Reddit’s Political Temper Check: A Computational Study of Sentiment, Topic Distribution, and Discourse Vocabulary Across Political Communities

1. Introduction

Internet-based discourse in general and political discussions in particular have expanded rapidly both in size and significance and now hold a greater sway in shaping the public’s thoughts and opinions. Reddit, as one of the most popular discussion platforms, provides a unique window into how different political communities engage in discourse. Comprehending modern democratic dialogue relies on how well the characteristics of political communication across different ideological lines are understood and perceived.

To this end, we conducted a study to identify the main topics of discourse, sentiment, and to what extent evidence-based and discourse markers are prevalent in their political discussions.

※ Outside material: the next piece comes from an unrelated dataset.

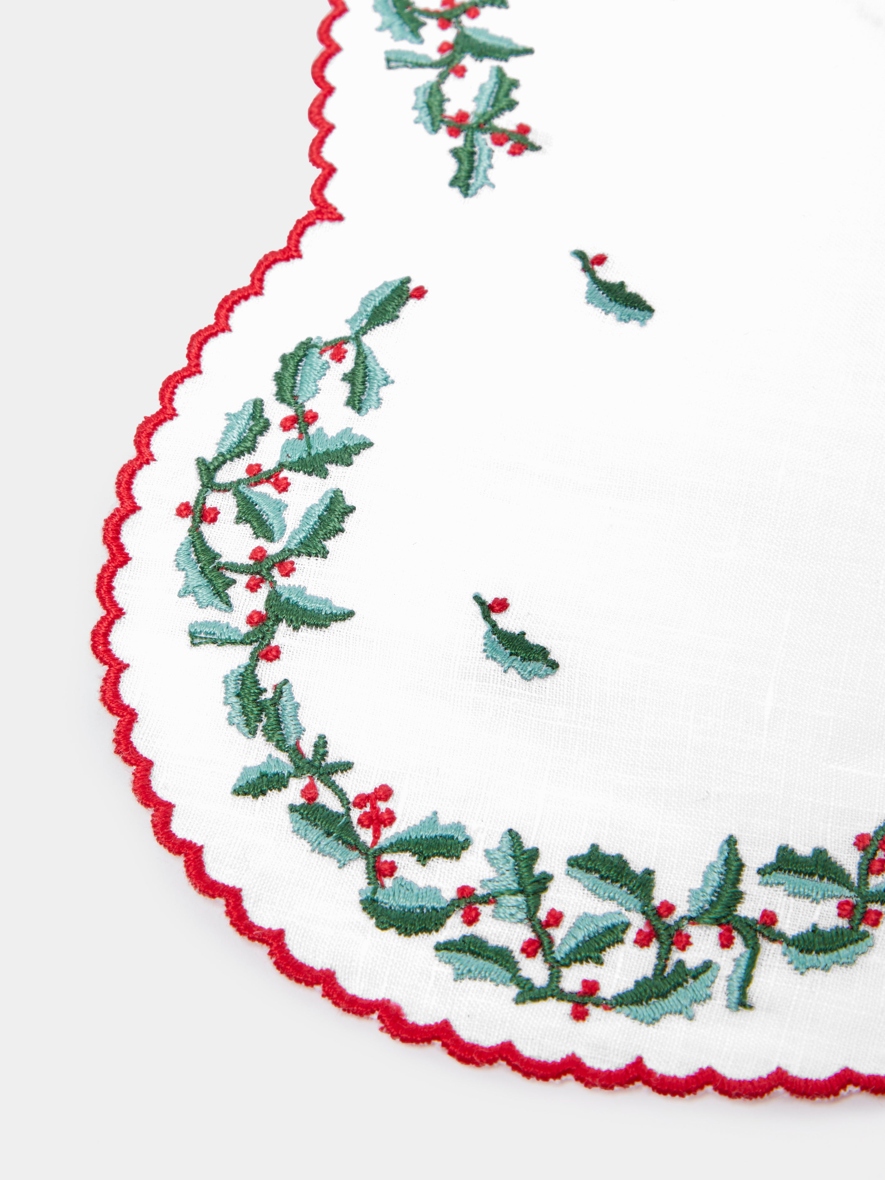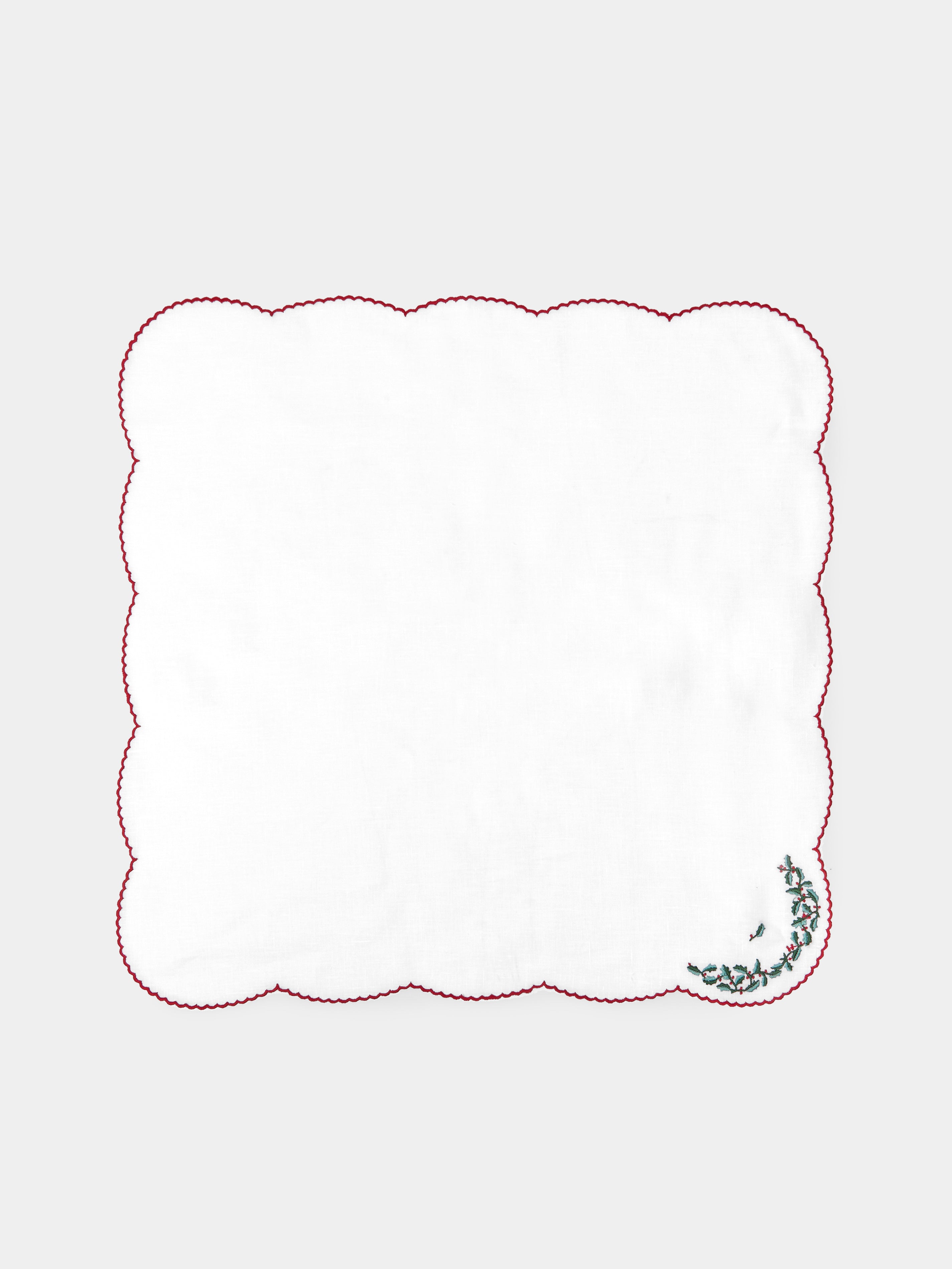 Holly Hand-Embroidered Linen Napkins (Set of 6)50cm (l) x 50cm (w) / 19.5" (l) x 19.5" (w)
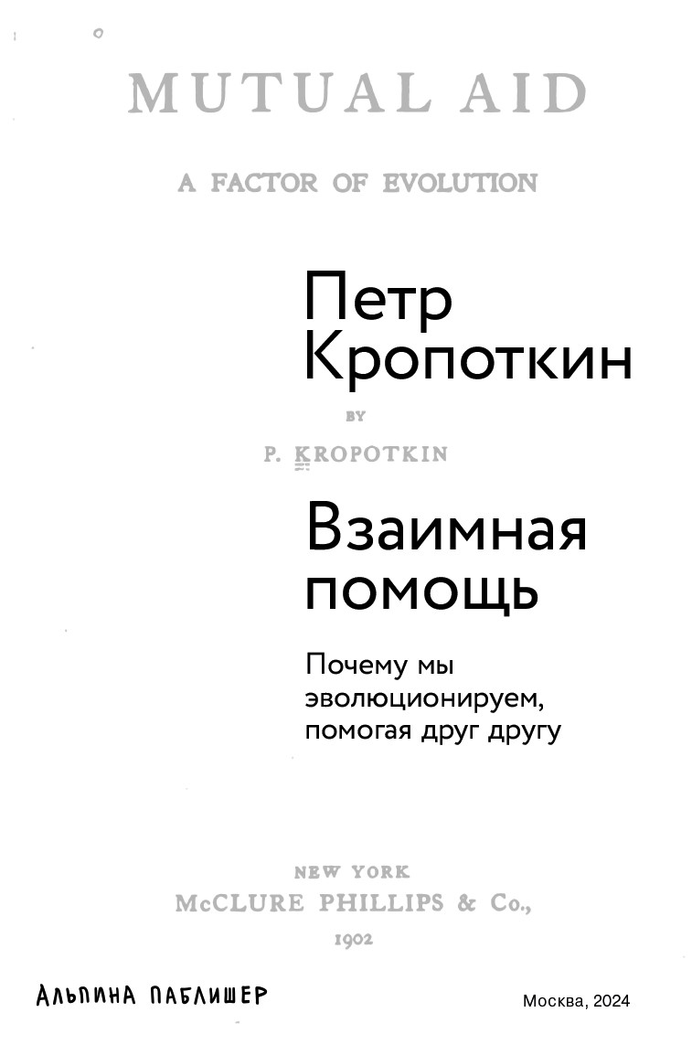 Ждать пришлось долго – но Кропоткин, в отличие от многих других революционеров-народников первой волны, сгинувших на чужбине от пьянства, безденежья и безнадеги, политических сдвигов в России все-таки дождался. Они-то и проложили путь на родину произведениям мятежного князя. После революции 1905 г. и последовавшей за ней отмены цензуры русский перевод «Взаимопомощи», доработанный и отредактированный автором, вышел под названием «Взаимная помощь как фактор эволюции». Это произошло в 1907 г., тогда же были впервые изданы в России и мемуары Кропоткина – знаменитые «Записки революционера». А вслед за Февральской революцией 75-летний Кропоткин после 40 лет эмиграции пожаловал на родину уже собственной персоной. Поселившись в Дмитрове, этот «старый, заслуженный революционер», как его называл Ленин, выписавший Кропоткину охранную грамоту, начал готовить корпус своих сочинений к переизданию на русском языке. Результатом этой работы стала «Этика», явившаяся продолжением и развитием идей, высказанных во «Взаимопомощи», – она была издана в 1922 г., на следующий год после смерти Кропоткина. В том же году вышло и очередное русское издание «Взаимопомощи». В новой авторской редакции книга получила название «Взаимная помощь среди животных и людей как двигатель прогресса» – переиздание этого текста вы сейчас и держите в руках.

Specifically, we aimed to:

Analyze sentiment patterns across different political categories
Identify common topics in political discourse by unsupervised learning
Measuring and comparing the prevalence of evidence-based vocabulary between different political subreddit categories.
Examine any relationships between different variables (sentiment and linguistic features)

2. Methodology

2.1 Dataset

The analysis used the corpus-webis-tldr-17.json dataset. However, due to hardware constraints, only the first 300,000 were studied, which included Reddit comments across various subreddits. Filtering by the list of political subreddits, we came to the final dataset of 8,781 comments from politically oriented discussions.

2.2 Data Preprocessing

The data preprocessing consisted of several steps to prepare the data for the following steps. As the first step, unnecessary information such as URLs, Reddit mentions, and punctuation was removed. Leveraging WordNet’s lemmatizer, we reduced words to their base forms to ensure consistency and standardization. Additionally, we applied a minimum length requirement to only include meaningful text entries.

2.3. Topic Modeling

In an attempt to finding out what the main topic of discussion are, we performed a topic modelling. Before that, we needed to convert the textual data to vectors; this was accomplished by TF-IDF vectorization set to maximum of 1500 features and a minimum document frequency of 3 to trade-off computational efficiency and good representation of meaningful words, respectively. Although LDA was used to calculate perplexity scores as a supportive metric, we opted for NMF for finding the optimal number of topics (determined by cohesion score) and actual modeling due to potential better performance on shorter texts compared to LDA, and simplicity/computational efficiency compared to more advanced methods like BERTopic.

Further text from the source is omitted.